> [Work request] Would you repeat the listing exactly, without any of its images?

> [Recorded data]
Content starts
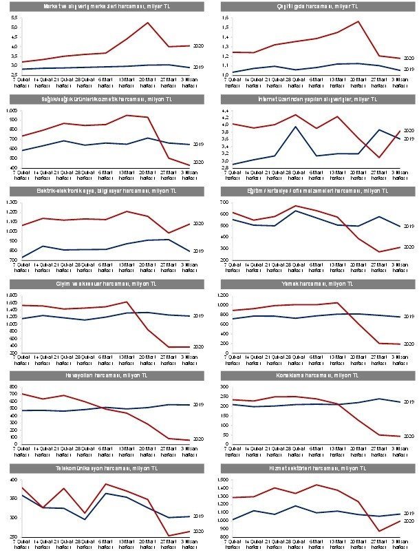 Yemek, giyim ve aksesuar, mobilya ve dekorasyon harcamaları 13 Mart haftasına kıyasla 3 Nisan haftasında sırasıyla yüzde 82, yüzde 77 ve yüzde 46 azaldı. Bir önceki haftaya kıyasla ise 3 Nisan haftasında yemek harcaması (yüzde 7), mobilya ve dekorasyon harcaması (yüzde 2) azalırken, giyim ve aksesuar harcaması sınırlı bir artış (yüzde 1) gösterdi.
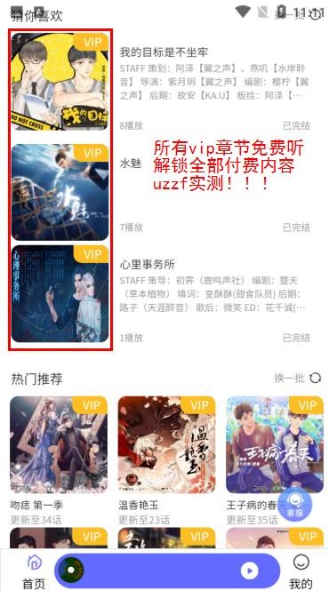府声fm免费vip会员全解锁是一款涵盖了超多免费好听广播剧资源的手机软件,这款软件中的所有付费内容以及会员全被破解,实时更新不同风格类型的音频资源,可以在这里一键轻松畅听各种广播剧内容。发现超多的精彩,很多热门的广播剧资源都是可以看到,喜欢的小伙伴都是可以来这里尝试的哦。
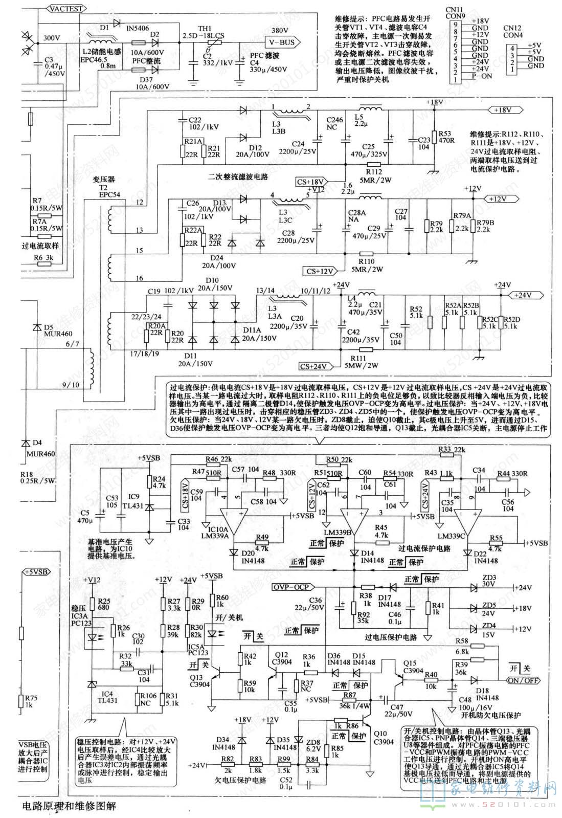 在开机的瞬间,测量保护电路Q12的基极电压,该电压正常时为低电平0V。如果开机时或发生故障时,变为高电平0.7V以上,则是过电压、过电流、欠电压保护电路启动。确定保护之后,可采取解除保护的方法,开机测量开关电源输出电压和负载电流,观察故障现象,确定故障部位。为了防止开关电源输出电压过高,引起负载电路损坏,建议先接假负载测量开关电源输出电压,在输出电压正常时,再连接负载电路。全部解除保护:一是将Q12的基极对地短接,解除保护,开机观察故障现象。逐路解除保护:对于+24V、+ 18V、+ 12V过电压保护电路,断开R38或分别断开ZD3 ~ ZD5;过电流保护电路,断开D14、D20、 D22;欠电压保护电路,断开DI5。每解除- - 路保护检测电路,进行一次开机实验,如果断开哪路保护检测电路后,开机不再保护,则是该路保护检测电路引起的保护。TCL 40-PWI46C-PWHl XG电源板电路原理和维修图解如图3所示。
Content ends
> [Output of the exercise]
 Yemek, giyim ve aksesuar, mobilya ve dekorasyon harcamaları 13 Mart haftasına kıyasla 3 Nisan haftasında sırasıyla yüzde 82, yüzde 77 ve yüzde 46 azaldı. Bir önceki haftaya kıyasla ise 3 Nisan haftasında yemek harcaması (yüzde 7), mobilya ve dekorasyon harcaması (yüzde 2) azalırken, giyim ve aksesuar harcaması sınırlı bir artış (yüzde 1) gösterdi.
府声fm免费vip会员全解锁是一款涵盖了超多免费好听广播剧资源的手机软件,这款软件中的所有付费内容以及会员全被破解,实时更新不同风格类型的音频资源,可以在这里一键轻松畅听各种广播剧内容。发现超多的精彩,很多热门的广播剧资源都是可以看到,喜欢的小伙伴都是可以来这里尝试的哦。
 在开机的瞬间,测量保护电路Q12的基极电压,该电压正常时为低电平0V。如果开机时或发生故障时,变为高电平0.7V以上,则是过电压、过电流、欠电压保护电路启动。确定保护之后,可采取解除保护的方法,开机测量开关电源输出电压和负载电流,观察故障现象,确定故障部位。为了防止开关电源输出电压过高,引起负载电路损坏,建议先接假负载测量开关电源输出电压,在输出电压正常时,再连接负载电路。全部解除保护:一是将Q12的基极对地短接,解除保护,开机观察故障现象。逐路解除保护:对于+24V、+ 18V、+ 12V过电压保护电路,断开R38或分别断开ZD3 ~ ZD5;过电流保护电路,断开D14、D20、 D22;欠电压保护电路,断开DI5。每解除- - 路保护检测电路,进行一次开机实验,如果断开哪路保护检测电路后,开机不再保护,则是该路保护检测电路引起的保护。TCL 40-PWI46C-PWHl XG电源板电路原理和维修图解如图3所示。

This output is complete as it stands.